Event $A$ is independent of the event $B \cap C$, so:

$P(A \cap (B \cap C)) = P(A)P(B \cap C)$.

$P(A)$ is $\frac16$, but what is $P(B \cap C)$?

Events $B$ and $C$ aren't independent. But we can say this:

$P(B \cap C)= P(C)P(B|C)= P(C)\left(1-P(B^c|C)\right)$. (Here $B^c$ is the complement of the event $B$. I have used the fact that $P(X|Y)+P(X^c|Y)=1$.)

$P(C) = \left(\frac56 \right)^{n-1}$.

$P(B^c|C) = \frac{P(B^c \cap C)}{P(C)}= \frac{(\frac46)^{n-1}}{(\frac56)^{n-1}}$.

Thus, $P(B \cap C)= \left(\frac56 \right)^{n-1} \left(1- \frac{ (\frac46)^{n-1} }{ (\frac56)^{n-1} } \right)

= \left(\frac56 \right)^{n-1} - \left(\frac46 \right)^{n-1}$ (Error compiling LaTeX. Unknown error_msg).

So $P(A \cap (B \cap C) ) = \left( \frac16 \right) \left( \left(\frac56 \right)^{n-1} - \left(\frac46 \right)^{n-1} \right)$.

We have found $P(OneFirst)$. We're close to finding the probability that it will take n rolls to get both a $1$ and a $2$.

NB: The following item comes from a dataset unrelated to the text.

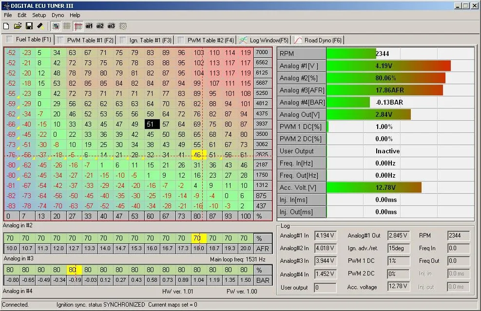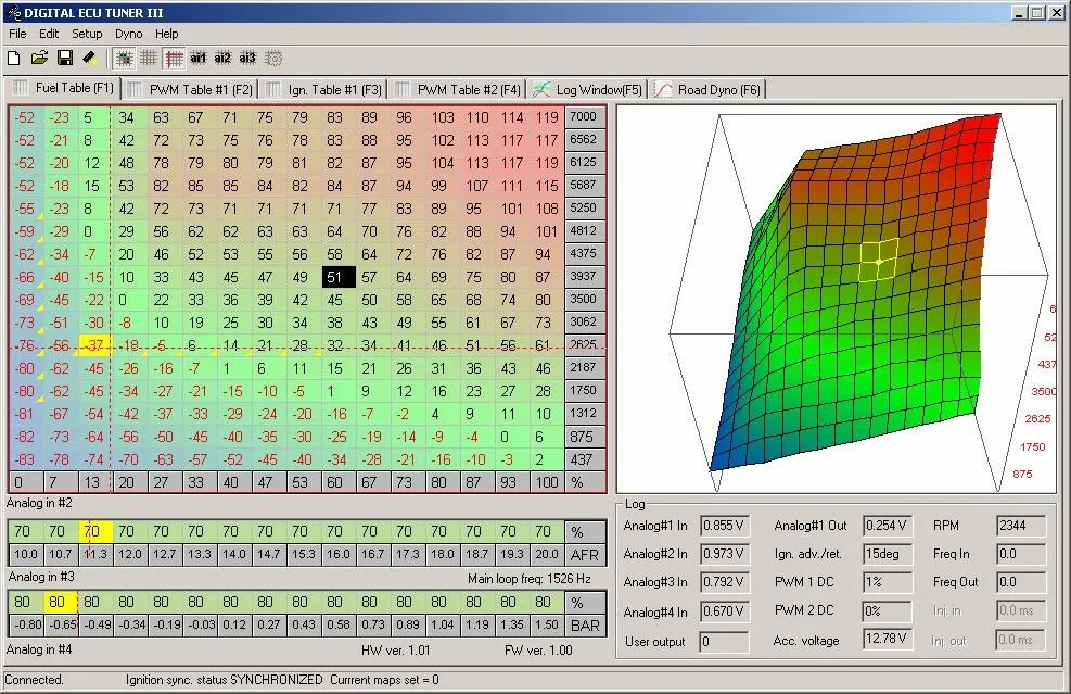 Digital ECU Tuner 3 Digital ECU Tuner 3 jest najpopularniejszym urządzeniem typu „piggy back” na naszym rynku. Ze względu na swoje duze możliwości oraz bardzo atrakcyjną cenę, zyskał dużą rzeszę zadowolonych klientów. Cechy urządzenia: wbudowany MAP sensor 400kPa 4 niezależne mapy 16x16 (mapa paliwa, dwie mapy PWM, mapa zapłonu), 8 map korekcji 16x1, 2 niezależne, przełączane zestawy map, możliwość modyfikacji pojedynczego sygnału analogowego, 4 wejścia analogowe, wbudowany DataFlash umożliwiający logowanie sygnałów bez podłączonego laptopa, pomiar napięcia zasilania, możliwość modyfikowania sygnału przepływomierza częstotliwościowego (17Hz-4kHz), obsługa sygnału zapłonowego z wykorzystaniem czujników indukcyjnych, Halla, optycznych oraz sygnałów sterujących modułem zapłonowym. Urządzenie obsługuje zarówno sygnały pojedyncze (single ended) jak i zbalansowane (differential), obsługa wielu typów zapłonu: 60-2, 36-2, 36-1, Multitooth, Ignition Modules, obsługa zaworu sterującego doładowaniem turbosprężarki, obsługa 4 wtryskiwaczy wysokoopornościowych (praca w systemie "full group"), wyjście typu ON/OFF sterowane parametrycznie, automatyczna konwersja z MAP to MAF z wykorzystanie algorytmu uczenia, procedura startowa, hamownia drogowa, możliwość kalibracji dowolnego czujnika analogowego, dzięki czemu wartości analogowe mogą być wyświetlane w ich realnych wartościach (np. sygnał z MAP sensora w barach, sygnał z sondy szerokopasmowej jako AFR, etc.), możliwość darmowej aktualizacji firmware w miarę rozwoju urządzenia (np. nowe tryby zapłonu, dodatkowe funkcje), technologia Fuel Implant umożliwiająca sterowanie paliwem w trybie stand alone. komunikacja z urządzeniem odbywa się przy pomocy złącza USB 24 miesiące gwarancji na urządzenie. Wymagania sprzętowe: Windows 2000, XP, Vista, Windows 7, Windows 8 Rozdzielczość ekranu co najmniej 1024x768 16bit, Procesor z zegarem co najmniej 600MHz, Port USB. Skład zestawu: Urządzenie Digital Ecu Tuner 3, Kabel USB AA, Wtyczka, Komplet pinów do wtyczki, Dodatkowy zestaw rezystorów oraz dioda prostownicza przydatna przy instalacji urządzenia. Produkty marki Ecumaster nie są wysyłane do USA, Kanady i Meksyku. Ecumaster brand products are not shipped to the USA, Canada and Mexico.

$P(TwoFirst) = P(OneFirst)$. Thus the probability that it will take $n$ rolls to get both a $1$ and a $2$ is $P(OneFirst)+ P(TwoFirst) = \left( \frac13 \right) \left( \left(\frac56 \right)^{n-1} - \left(\frac46 \right)^{n-1} \right)$.

Okay.....

So what's the expected number of rolls it will take to get both a $1$ and a $2$?

It is:

${2 \cdot \left( \frac13 \right) \left( \left(\frac56 \right)^1 - \left(\frac46 \right)^1 \right) + 3 \cdot \left( \frac13 \right) \left( \left(\frac56 \right)^2 - \left(\frac46 \right)^2 \right) + 4 \cdot \left( \frac13 \right) \left( \left(\frac56 \right)^3 - \left(\frac46 \right)^3 \right) + \cdots}$

$= \left( \frac13 \right) \left( 2 \left(\frac56 \right)^1 + 3 \left(\frac56 \right)^2 + 4 \left(\frac56 \right)^3 + \cdots \right) - \left( \frac13 \right) \left( 2\left(\frac46 \right)^1 + 3 \left(\frac46 \right)^2 + 4 \left(\frac46 \right)^3 + \cdots \right)$

$= \left( \frac13 \right) \left( -1 + 1 + 2 \left(\frac56 \right)^1 + 3 \left(\frac56 \right)^2 + 4 \left(\frac56 \right)^3 + \cdots \right) - \left( \frac13 \right) \left(-1 + 1 +  2\left(\frac46 \right)^1 + 3 \left(\frac46 \right)^2 + 4 \left(\frac46 \right)^3 + \cdots \right)$

$= \left( \frac13 \right) \left( -1 + \frac{1}{(1-\frac56)^2} \right) - \left( \frac13 \right)  \left( -1 + \frac{1}{(1-\frac46)^2} \right)$

$= \left( \frac13 \right) ( -1 + 36 + 1 - 9 ) = \left( \frac13 \right) (27) = 9$.

The expected number of rolls is $9$.


Using a similar (but a little more complicated) method, I get that the expected number of rolls until all six numbers appear is $14.7$.

I also found that the expected number of rolls until $1$, $2$, and $3$ appear is $11$.